November 3, 2003, 3:40 PM PT
(Reuters) Even as entertainment companies remain locked in legal battles against file-sharing services, some are quietly experimenting with ways to use the networks to their advantage.
One company, called BigChampagne, is tracking music downloads for radio giant Clear Channel. Another, Jun Group, is deliberately releasing music to Web file sharers in order to generate buzz.
Jun Group’s Mitchell Reichgut, a former advertising executive, said his service provides record labels with the means to transform their decades-old model for selling music.
“Basically, the labels have a choice. They can fight and continue losing money or try to tweak this 100-year-old model and get immediate results for artists, consumers and sponsors,” Reichgut said.
Jun Group recently reached agreements with a songwriter, a beverage company and a TV network–entities that would normally be very careful to protect their products–to release their content onto peer-to-peer networks.

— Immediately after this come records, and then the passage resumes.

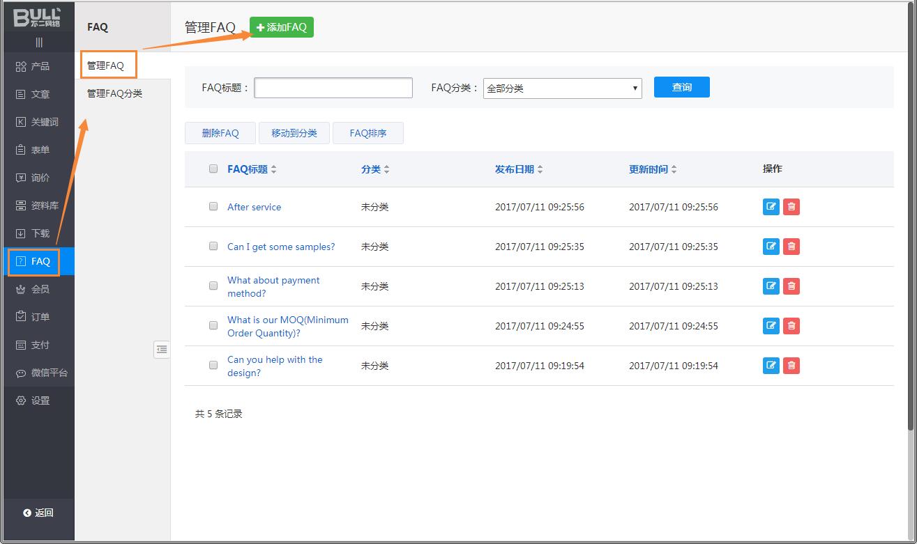 第2步:单击“FAQ”,默认进入“FAQ管理”界面;
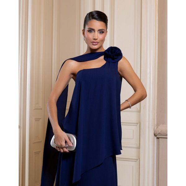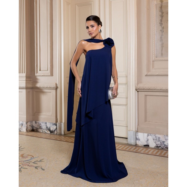 👗Vestido longo azul marinho em musseline um ombro so com flor no ombro, faixa e saia sobreposicao. Um arraso!
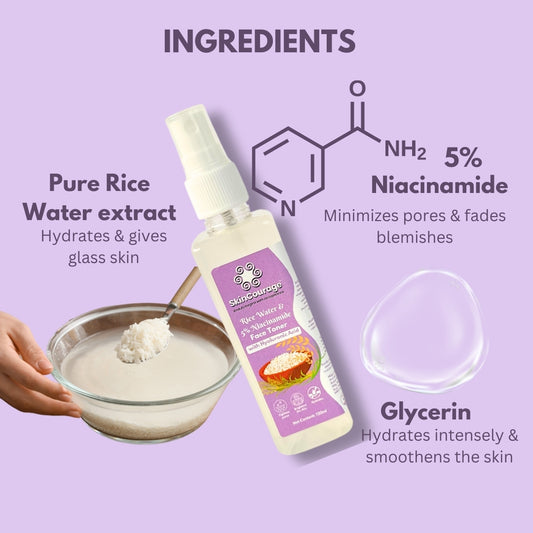 SkinCourage Rice Water & 5% Niacinamide Face Toner | With Rice Ferment Extract | Korean Face Toner Mist For Glass Skin | Hydrating and Pore tightening | For Men and Women | All Skin Types | 120ml
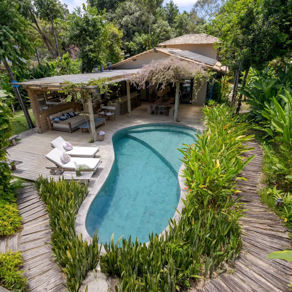 Localizada no exclusivo condomínio Altos de Trancoso, na charmosa vila de Trancoso, localizada no litoral sul da Bahia, Brasil. Reconhecido pelo seu projeto que combina luxo com a integração à natureza, o condomínio se destaca tanto pelo estilo arquitetônico das residências quanto pela sua localização privilegiada, com vista para o mar e uma proximidade única com as praias da região.
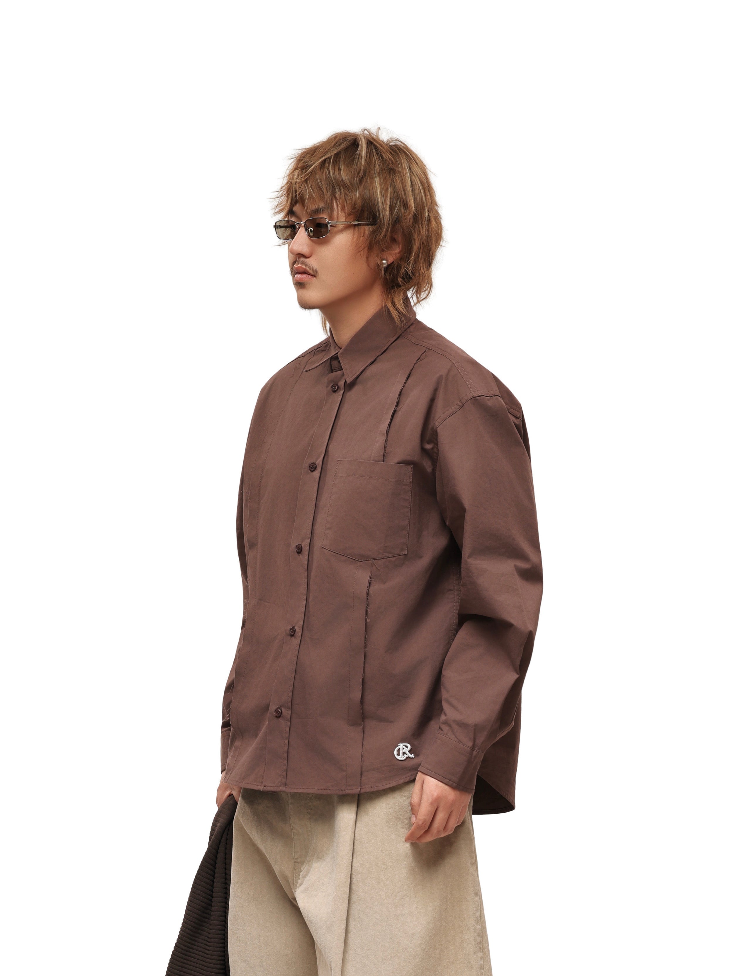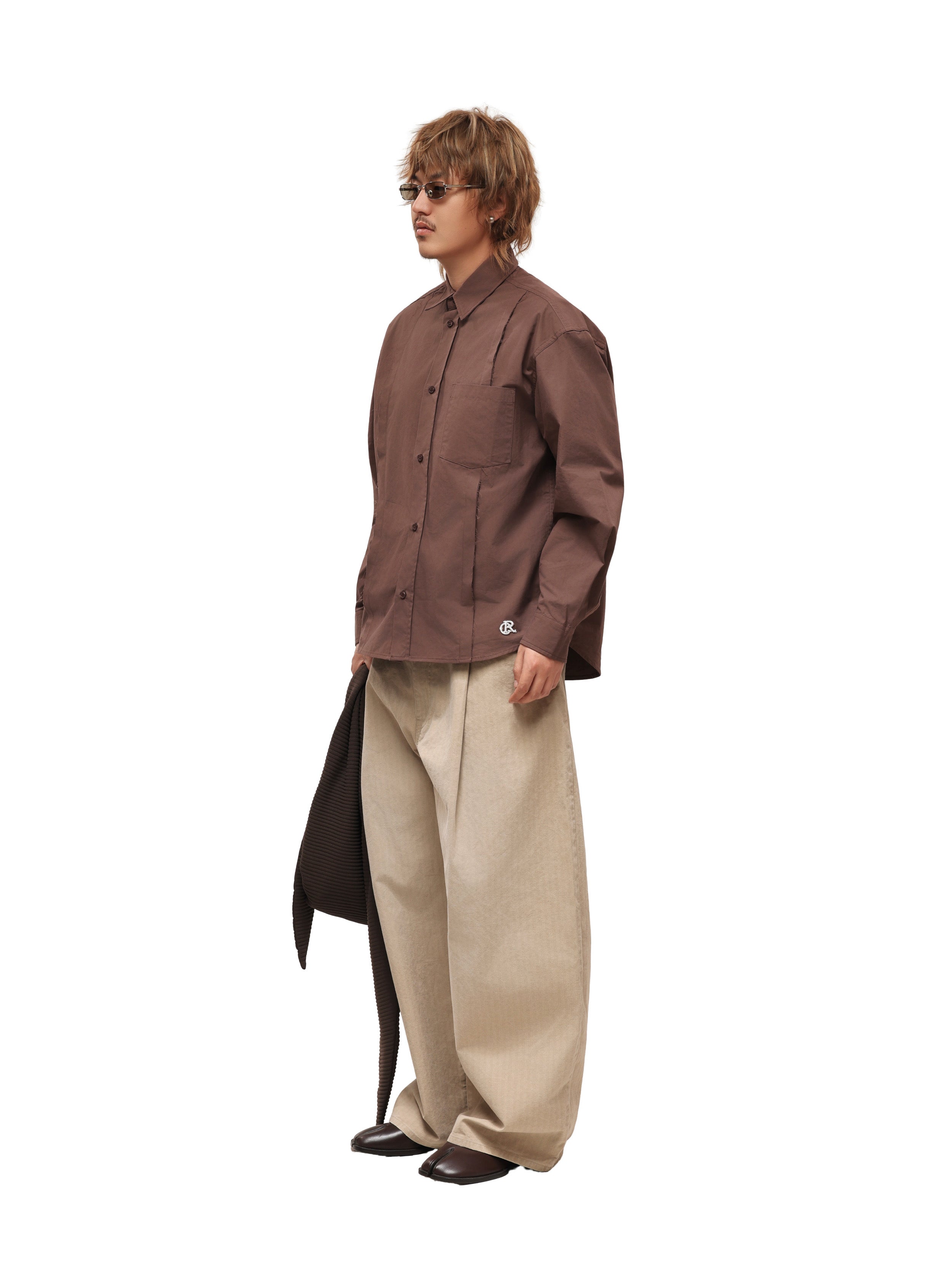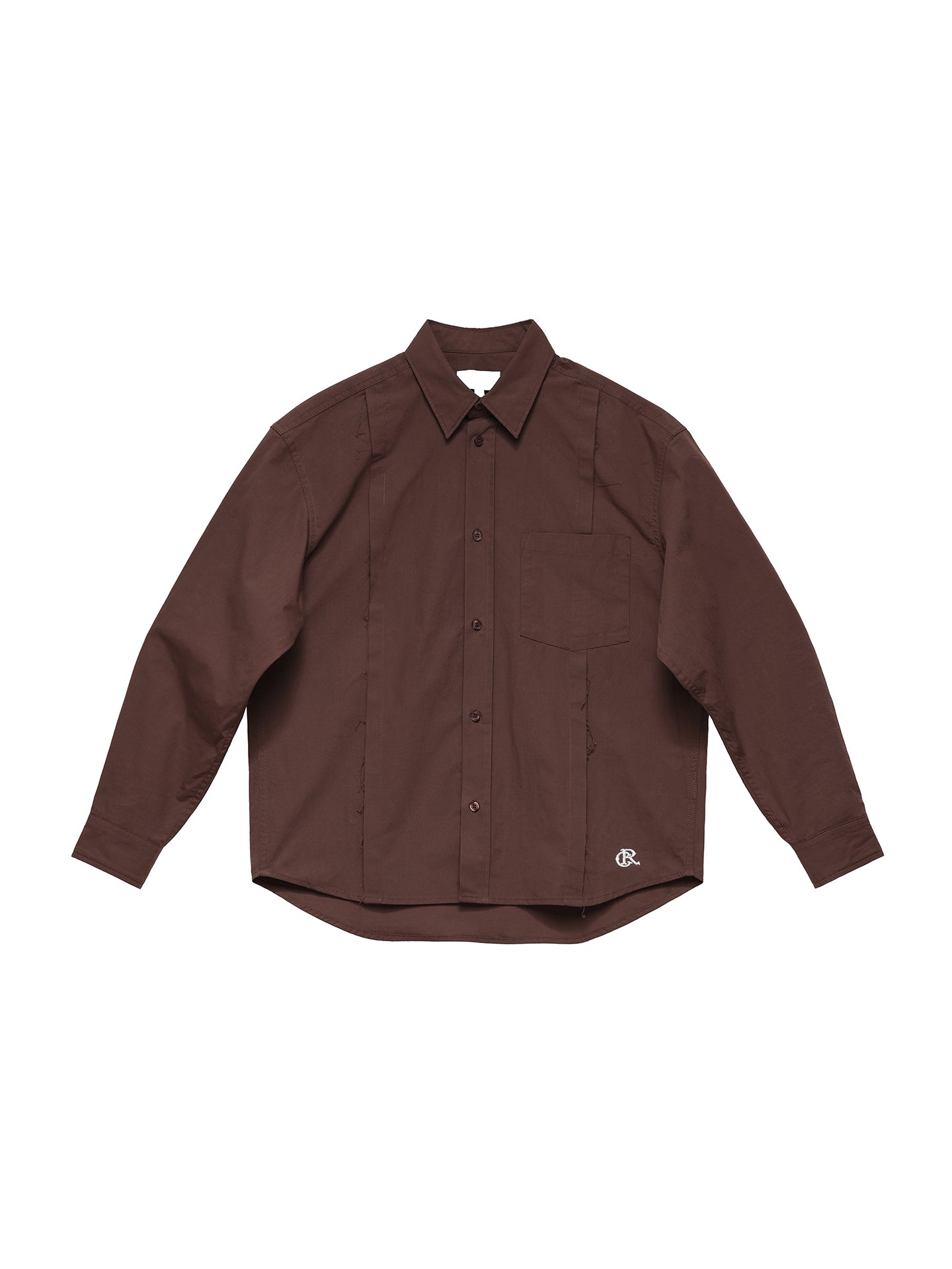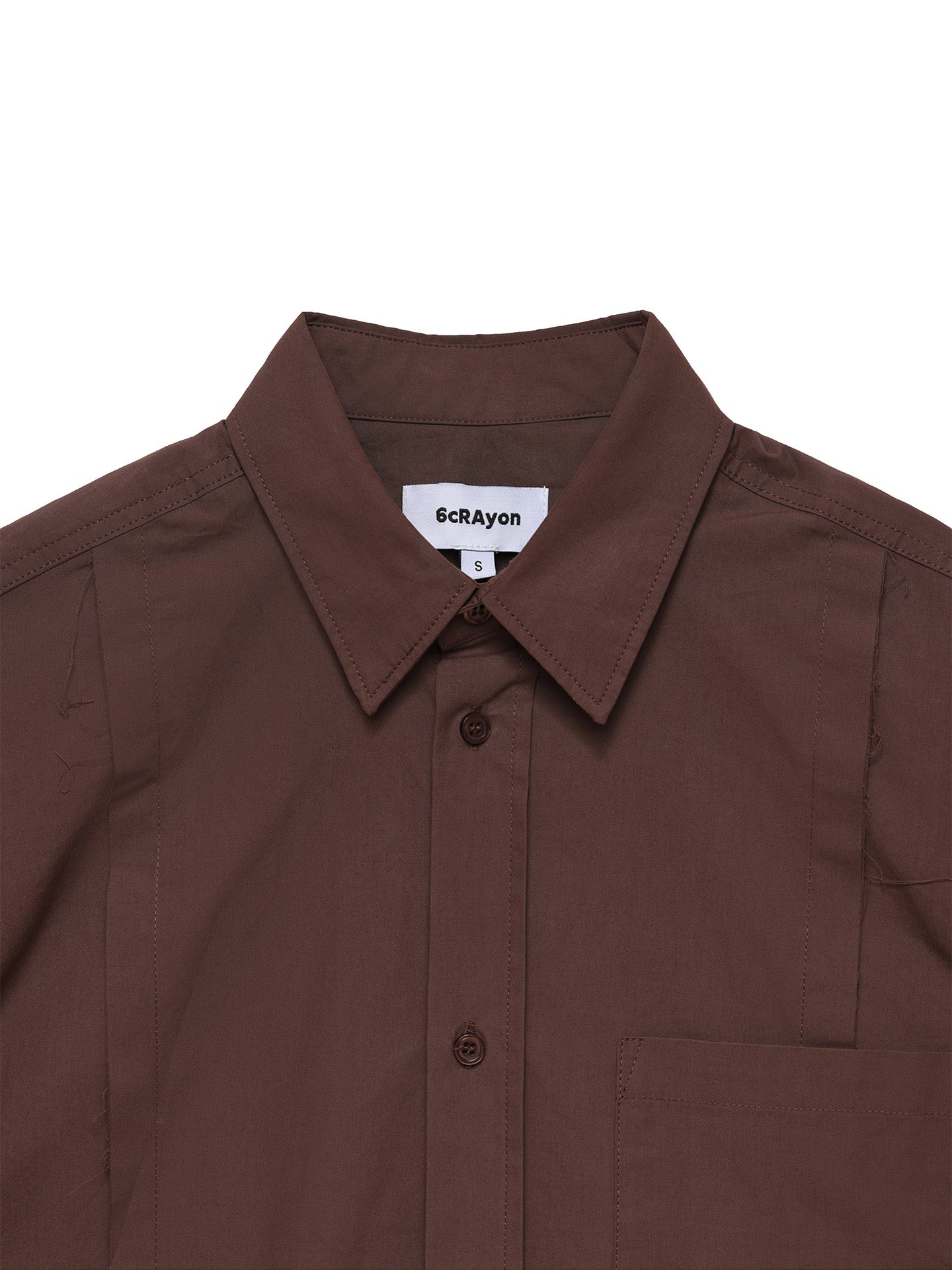 6CRAYON Patchwork Poplin Embroidered Shirt-Brown
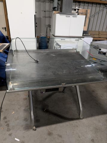 Professionele koelvitrine, ideaal voor horeca, retailvof andere commerciële toepassingen. Afmetingen: 120cm breed, 100 diep, hoogte instelbaar defect, waarschijnlijk moet er een nieuwe thermostaat in
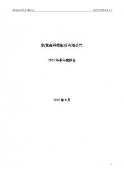 [企业年报]凯龙高科:2025年半年度报告(银创产业通www.chanyetong.net)

BigChampagne also tracks song-swapping networks such as Kazaa and Morpheus for record labels, which in turn use the data to persuade radio stations to play their songs.
Tracking downloading activity can predict a hit before a song gets radio airplay. If a particular song is heavily downloaded, a record label could use that as a selling point to ask radio stations to put the song in a heavier rotation.
“At any particular moment, we’re working with most of the labels. This is an industry that relies on immediate data on consumer reaction,” said Eric Garland, BigChampagne’s chief executive officer.
Label executives say BigChampagne provides both a gauge of consumer tastes and an indication of piracy trends.
“We’re definitely using it as a tool. It’s just part of a bigger trend of the labels using real data to figure out marketing plans–as opposed to radio charts that are not tied directly to consumer information,” said Jeremy Welt, head of new media at Maverick Records, a Time Warner label.
Undercutting the legal battle
Many labels are hesitant to admit that they are talking with Jun Group or using BigChampagne, due to the industry’s antipiracy fight. The industry’s argument in court battles against file sharing hinges in large part on the argument that file-sharing networks serve no purpose other than to foster copyright infringement.
Record labels’ use of file-sharing networks for market research or promotion purposes could undercut that legal claim.
“It’s remarkable, the disparity between the labels’ legal battle and their understanding that product is moving online and a desire to be at the fore of the movement,” Garland said.